### DATASET RECORDS

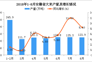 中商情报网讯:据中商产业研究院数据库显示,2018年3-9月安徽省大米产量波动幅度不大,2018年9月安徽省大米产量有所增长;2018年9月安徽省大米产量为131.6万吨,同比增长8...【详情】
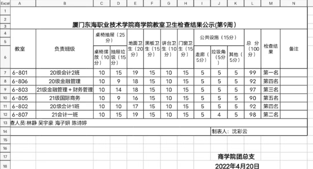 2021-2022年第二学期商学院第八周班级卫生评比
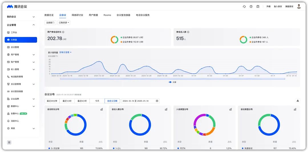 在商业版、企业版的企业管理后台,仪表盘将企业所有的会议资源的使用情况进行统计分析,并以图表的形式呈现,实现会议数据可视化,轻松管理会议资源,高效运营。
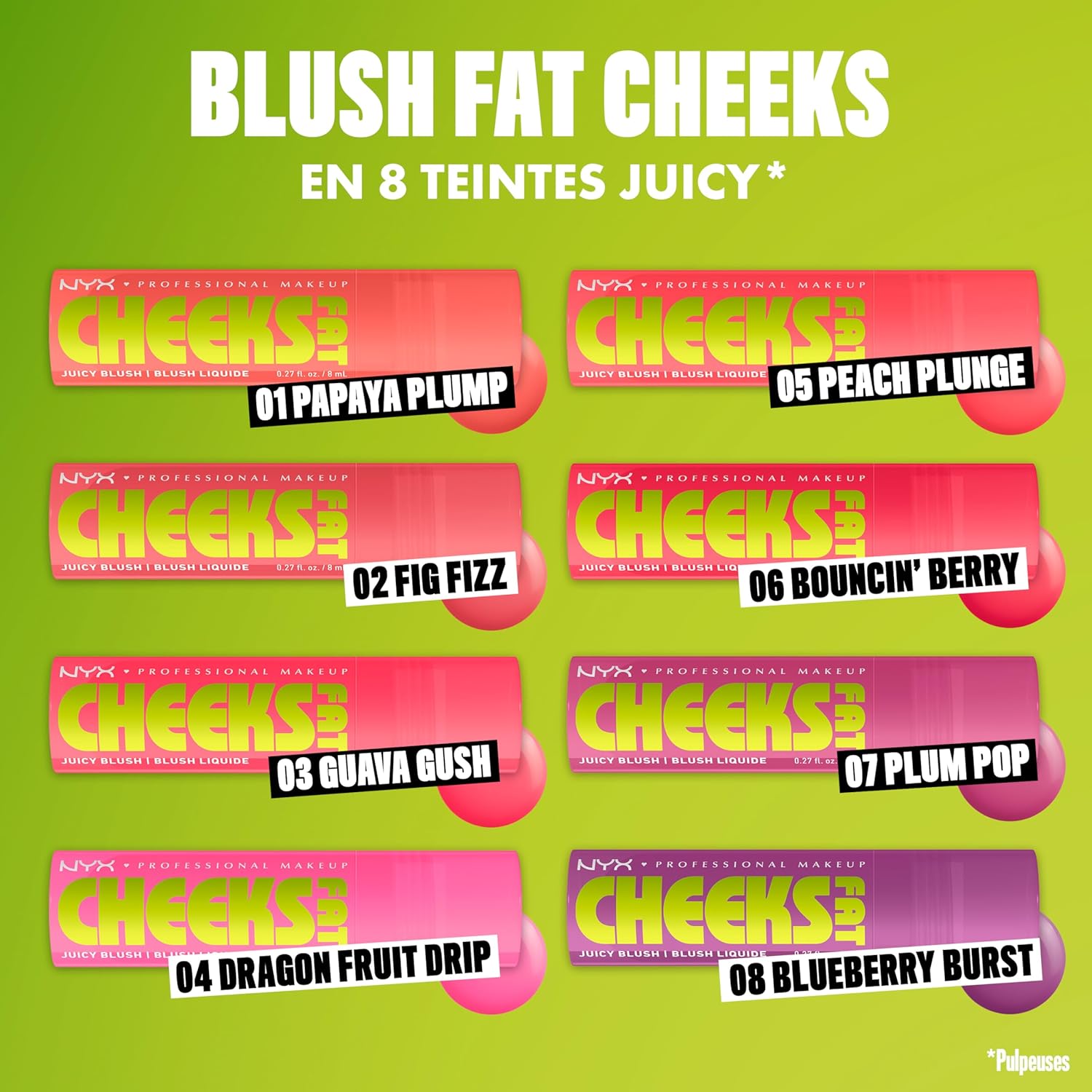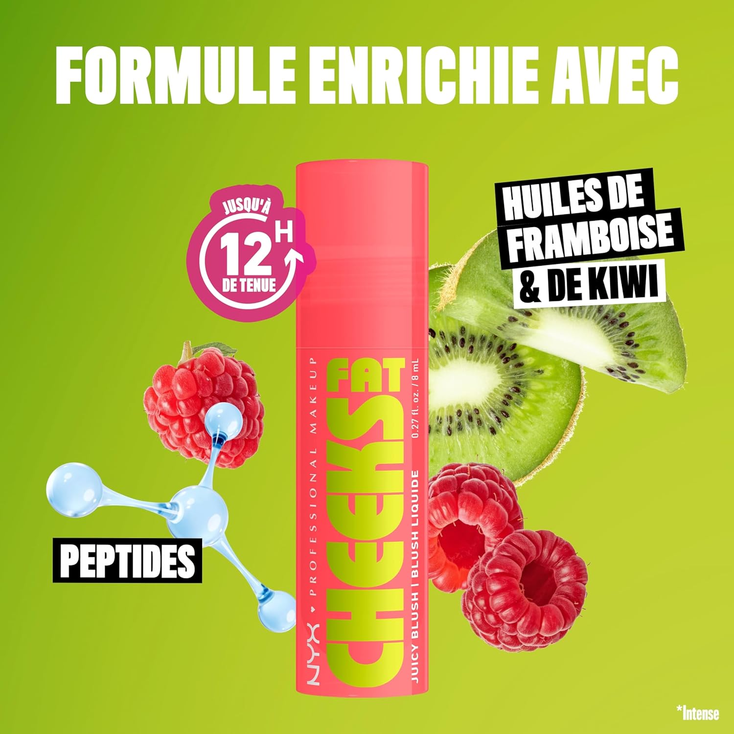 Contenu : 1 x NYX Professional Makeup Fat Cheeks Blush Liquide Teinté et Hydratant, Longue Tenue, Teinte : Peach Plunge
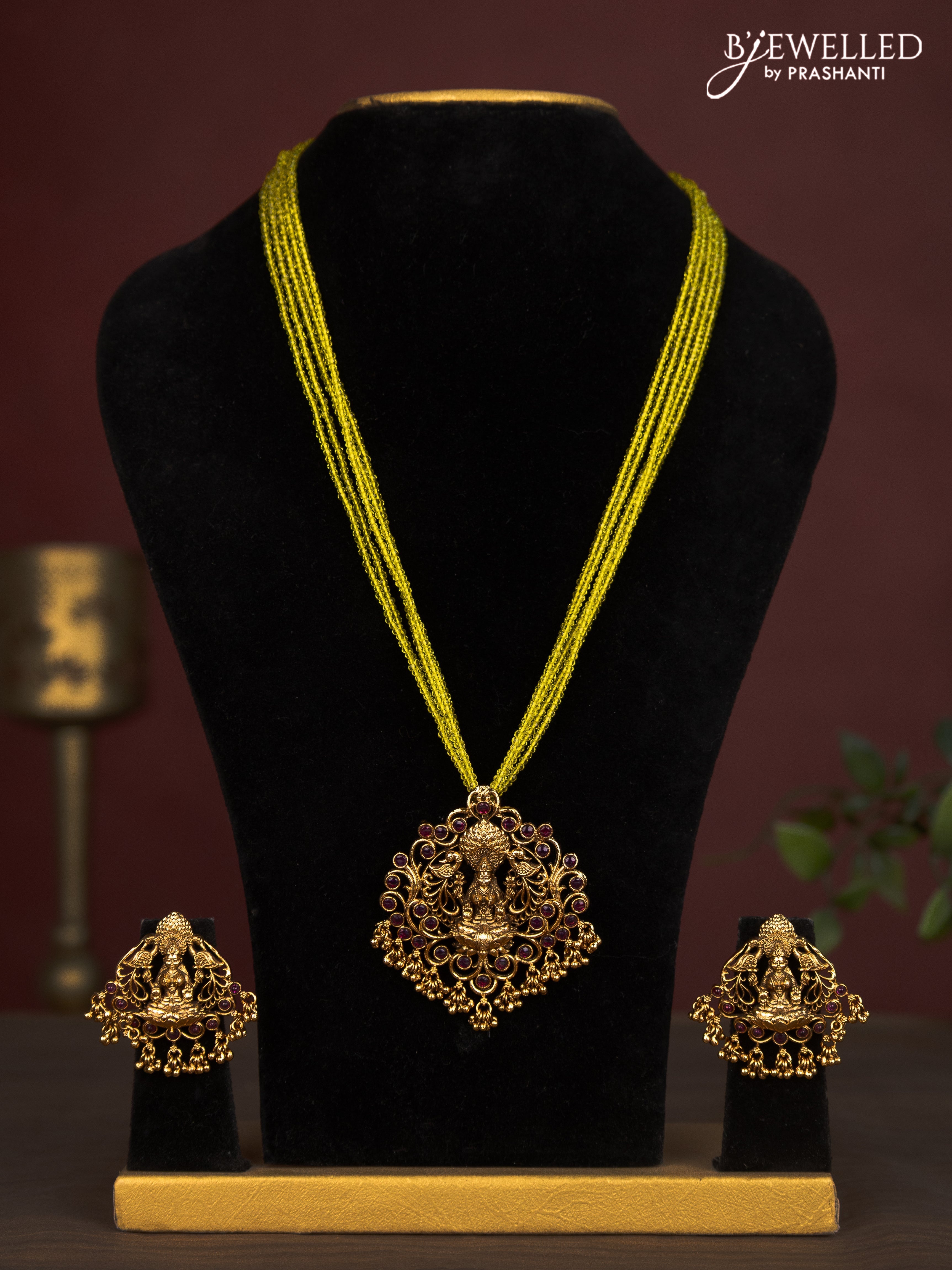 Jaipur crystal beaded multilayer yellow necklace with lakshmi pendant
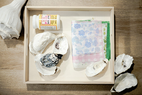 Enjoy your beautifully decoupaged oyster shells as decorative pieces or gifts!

* * *

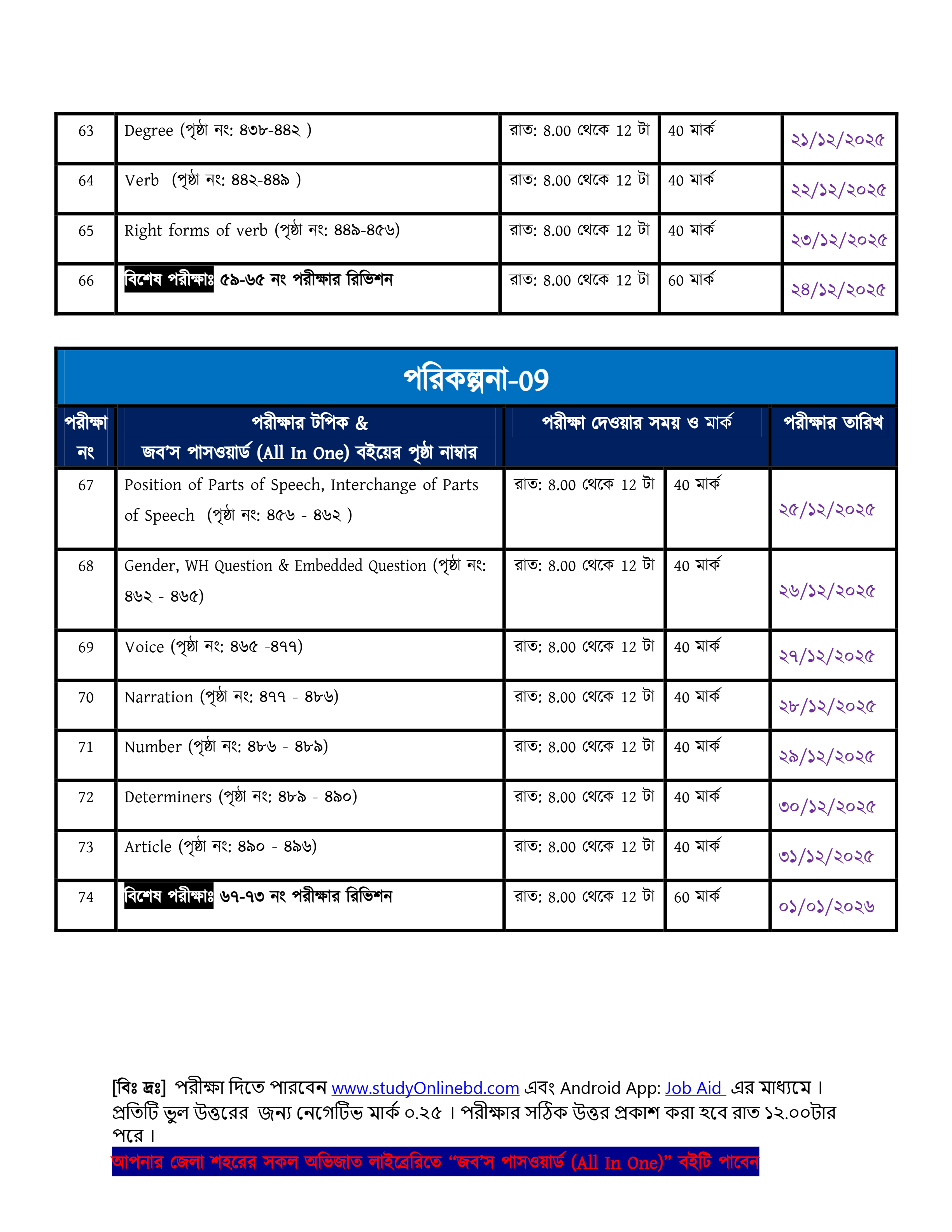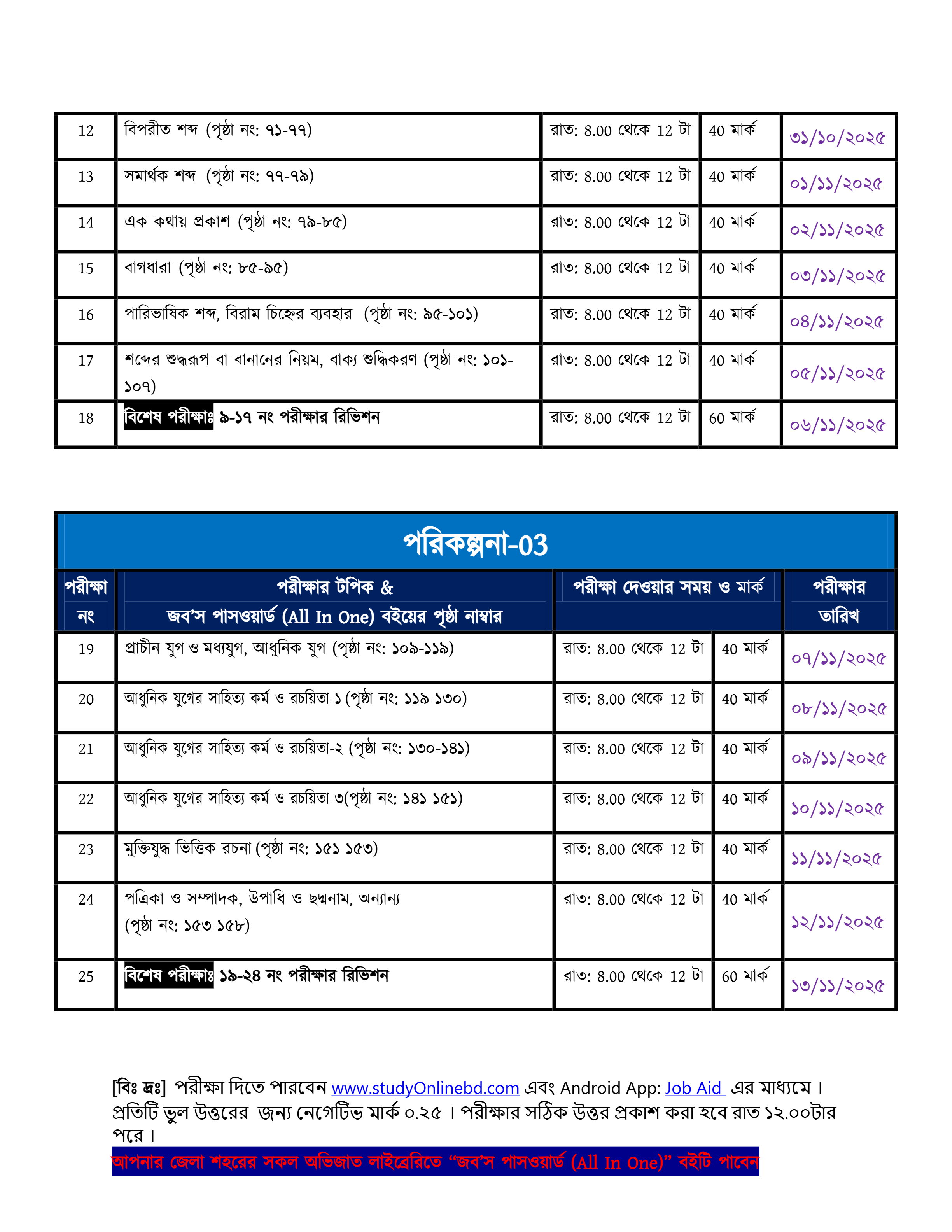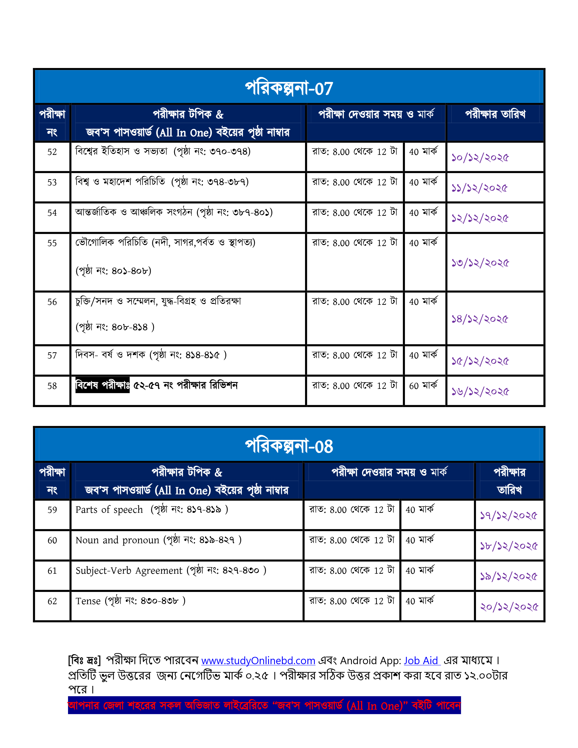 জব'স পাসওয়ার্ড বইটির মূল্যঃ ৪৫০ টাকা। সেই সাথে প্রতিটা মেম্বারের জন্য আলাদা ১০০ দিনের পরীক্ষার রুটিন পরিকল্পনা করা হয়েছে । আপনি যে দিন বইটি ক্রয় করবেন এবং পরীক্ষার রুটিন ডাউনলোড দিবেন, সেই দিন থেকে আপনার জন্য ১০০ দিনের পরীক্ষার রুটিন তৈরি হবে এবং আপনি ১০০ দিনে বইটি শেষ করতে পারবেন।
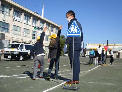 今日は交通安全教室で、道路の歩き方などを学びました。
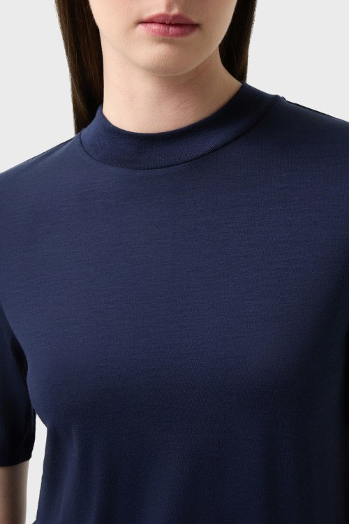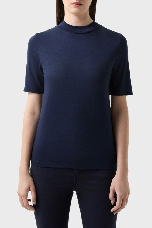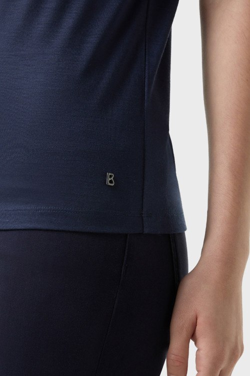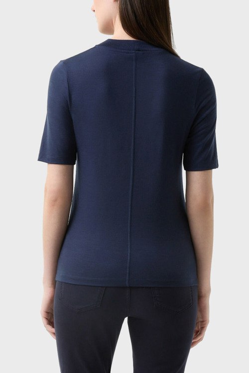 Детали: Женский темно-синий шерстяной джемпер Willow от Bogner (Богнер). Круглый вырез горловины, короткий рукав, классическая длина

---

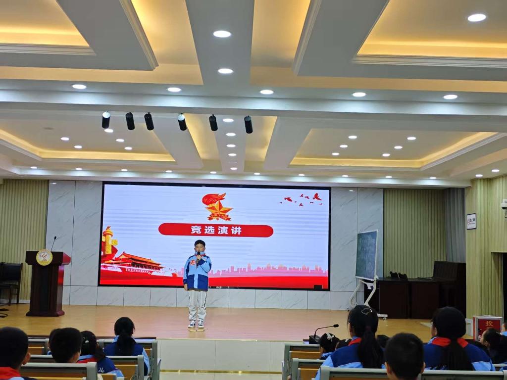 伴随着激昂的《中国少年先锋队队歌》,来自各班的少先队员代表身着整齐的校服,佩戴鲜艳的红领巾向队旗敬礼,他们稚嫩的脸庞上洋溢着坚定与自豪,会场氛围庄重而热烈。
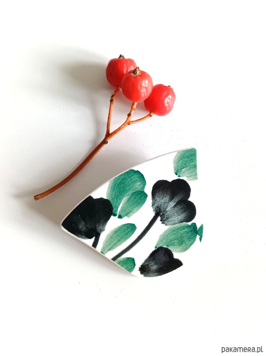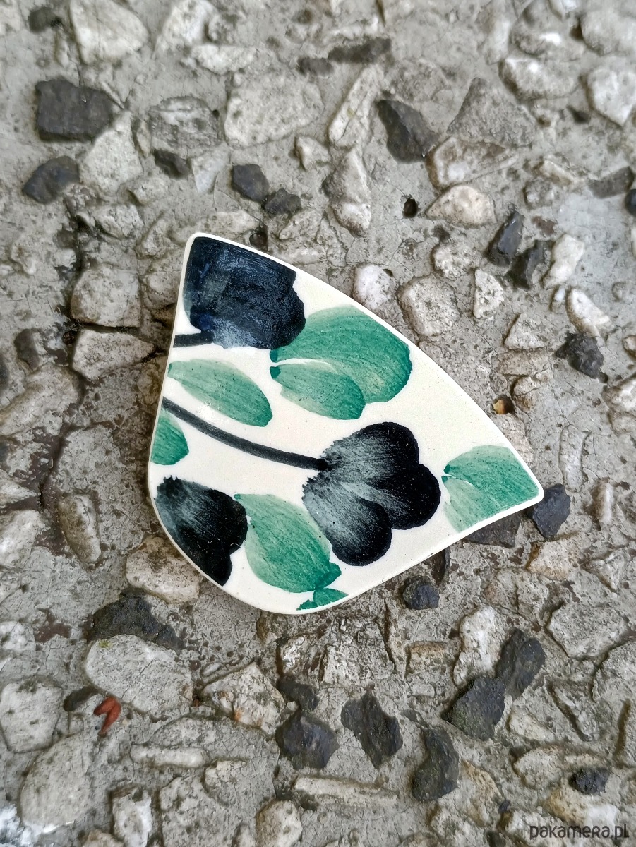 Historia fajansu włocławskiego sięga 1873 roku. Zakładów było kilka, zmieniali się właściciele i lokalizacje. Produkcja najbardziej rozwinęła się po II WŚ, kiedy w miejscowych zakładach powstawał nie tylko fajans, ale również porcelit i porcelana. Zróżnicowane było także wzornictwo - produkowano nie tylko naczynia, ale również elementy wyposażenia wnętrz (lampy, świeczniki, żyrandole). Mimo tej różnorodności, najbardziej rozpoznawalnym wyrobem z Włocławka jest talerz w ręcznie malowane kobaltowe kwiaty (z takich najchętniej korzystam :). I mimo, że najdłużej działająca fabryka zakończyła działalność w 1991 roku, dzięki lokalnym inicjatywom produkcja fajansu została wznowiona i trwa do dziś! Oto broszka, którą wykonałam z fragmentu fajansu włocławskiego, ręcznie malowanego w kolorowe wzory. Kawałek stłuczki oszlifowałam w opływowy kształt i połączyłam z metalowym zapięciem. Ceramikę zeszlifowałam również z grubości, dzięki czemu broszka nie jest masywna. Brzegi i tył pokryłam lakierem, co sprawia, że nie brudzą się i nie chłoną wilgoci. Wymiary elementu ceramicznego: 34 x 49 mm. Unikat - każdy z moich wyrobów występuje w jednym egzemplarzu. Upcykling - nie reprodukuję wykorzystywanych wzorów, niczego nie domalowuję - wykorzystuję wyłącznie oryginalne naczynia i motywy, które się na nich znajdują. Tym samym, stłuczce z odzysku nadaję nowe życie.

### REQUIRED WORK
Word for word, restate the lines above from the one with "中商情报网讯:据中商产业研究" through the one with "Enjoy your beautifully", keeping both ends and dropping the pictures.

### RESPONSE FOR THIS EXERCISE
 中商情报网讯:据中商产业研究院数据库显示,2018年3-9月安徽省大米产量波动幅度不大,2018年9月安徽省大米产量有所增长;2018年9月安徽省大米产量为131.6万吨,同比增长8...【详情】
 2021-2022年第二学期商学院第八周班级卫生评比
 在商业版、企业版的企业管理后台,仪表盘将企业所有的会议资源的使用情况进行统计分析,并以图表的形式呈现,实现会议数据可视化,轻松管理会议资源,高效运营。
 Contenu : 1 x NYX Professional Makeup Fat Cheeks Blush Liquide Teinté et Hydratant, Longue Tenue, Teinte : Peach Plunge
 Jaipur crystal beaded multilayer yellow necklace with lakshmi pendant
 Enjoy your beautifully decoupaged oyster shells as decorative pieces or gifts!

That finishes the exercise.